CHAPTER LII
WILLIAM HANN'S EXPEDITION, 1872
FROM FOSSILBROOK, DOWN THE LYND RIVER AND ACROSS THE TATE AND WALSH TO LEICHHARDT'S MITCHELL RIVER
THE seven years which followed the return of the Jardine Brothers' Expedition in 1865 witnessed the steady march of settlement in Northern Queensland. In 1865, Mackay and Townsville were opened as ports. A hardy and adventurous population had been drawn to the interior by the discovery of Gold in widely separated localities, such as the Cape River (1868), the Gilbert and Percy Rivers (1869), Ravenswood (1870), Etheridge (1869-71) and Charters Towers (1872). With a view to the supply of the goldfields and ports with meat, and to the export of wool, numerous "squatters" spread out and occupied such tracts of country as were suitable, available and accessible.
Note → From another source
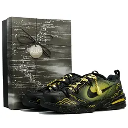 Мужские и женские кроссовки Nike Air Monarch 4 Black Gold Dominator с коробкой, устойчивые к истиранию, низкие, массивные, черные с черно-золотым оттенком (мраморная коробка) 415445-001(team335-黑金霸影礼盒版) | black gold shadow (marble box)

In the usual course of events, the discovery and opening of the interior radiate inwards from the harbours of the coast. Townsville, however, formed an exception to this rule. Pastoral occupation, with Port Denison and the town of Bowen[1] as a base, had pushed out to the west of the Coast Range, and reached the Fanning and Burdekin valleys. The growing necessity for access to the coast at some point nearer than Bowen led to a lookout for a more convenient port. Early in 1864, J. M. Black (Managing
- ↑ In 1859, while the negotiations for the separation of Queensland from New South Wales were in progress, Captain H. D. Sinclair left Rockhampton in the "Santa Barbara" in search of a suitable harbour on the north-east coast. Port Denison was recommended by him. The township of Bowen, on the new port, was established in 1861.